Monday, October 4, 2010

Our View: How to read the district's redistricting scenarios

Printed in the Iowa City Press-Citizen, Feb. 3, 2010.

On Thursday and Friday, the Iowa City School District will be holding public forums on one of the scenarios under consideration by the 38-member redistricting committee.

The good news is that the district and the committee have made the maps for "Scenario 2" available to the public nearly a week before the forums. Besides the small versions of the maps printed today, the Press-Citizen printed a full-size version of the elementary school map on Saturday. And electronic versions of the elementary, junior high and senior high maps are available on the district's Web site, www.iccsd.k12.ia.us/district/redistrict.

The bad news is that the maps are not readily understandable just by looking at them. They require some time, examination and explanation to understand fully.

The printed school names and purple boundary lines featured on the maps, for example, represent the existing school attendance areas. And it's sometimes confusing for readers to realize that they need to pay attention solely to the color coding for the different schools if they are going to understand the proposed new boundaries.
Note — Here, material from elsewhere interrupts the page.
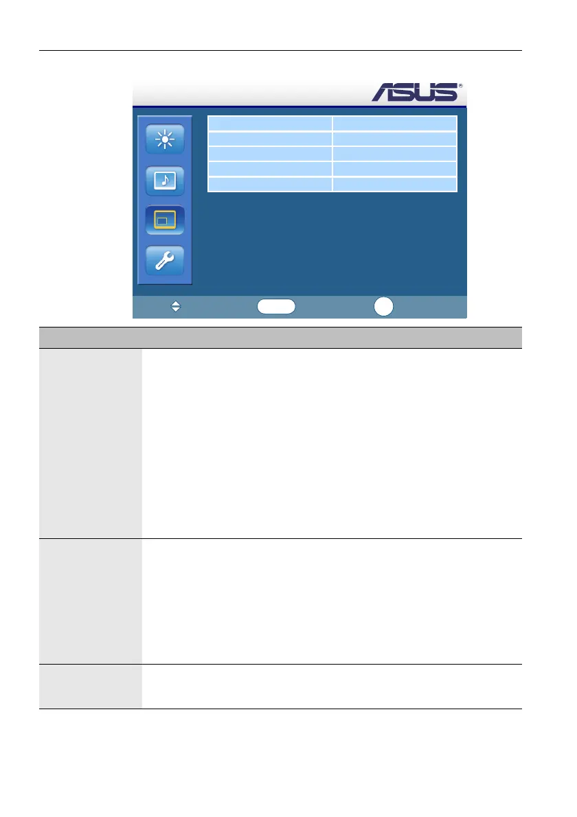 • H. Position/V. Position: Sets the horizontal/vertical position of the display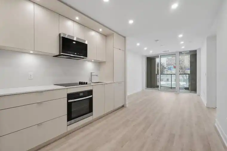 Welcome to Westerly 1 by Tridel at 25 Cordova Avenue, where contemporary design meets everyday convenience in the heart of Islington-City Centre West. This thoughtfully designed 1-bedroom plus den suite spans 616 sq. ft. and features a practical open-concept layout with clean finishes and comfortable proportions well suited to modern living. The modern kitchen is appointed with integrated stainless-steel appliances, quartz countertops, and streamlined cabinetry, opening seamlessly into the combined living and dining area. Wide-plank flooring and large windows enhance natural light throughout the space, while a walk-out from the living area leads to a private balcony that extends the living space outdoors. The bedroom offers a well-proportioned layout with generous closet storage and a large window, complemented by a versatile den that functions well as a home office or additional living space. A modern 4-piece bathroom is finished with contemporary tilework and a sleek vanity, while in-suite laundry is neatly tucked into a dedicated closet to maintain a streamlined layout. Residents enjoy access to amenities including a fitness centre, party and meeting rooms, guest suites, and concierge service. Ideally located steps from transit, parks, shops, and everyday conveniences, this suite delivers comfortable, well-connected urban living in an established Etobicoke community.

It's also important to remember that the scenario represents the efforts by the committee, consultants and district officials to balance the four redistricting criteria set by the School Board last year:

• Keeping neighborhoods and neighborhood schools intact (assigning students to the nearest school as much as possible).

• Demographic considerations (elementary boundaries are designed to reduce socio-economic percentages to no more than 20 percentage points above the district average of 30 percent).

• Addressing projected enrollments and ensuring that available building space is used efficiently.

• Ensuring that the proposed changes won't add to the district's operational budget.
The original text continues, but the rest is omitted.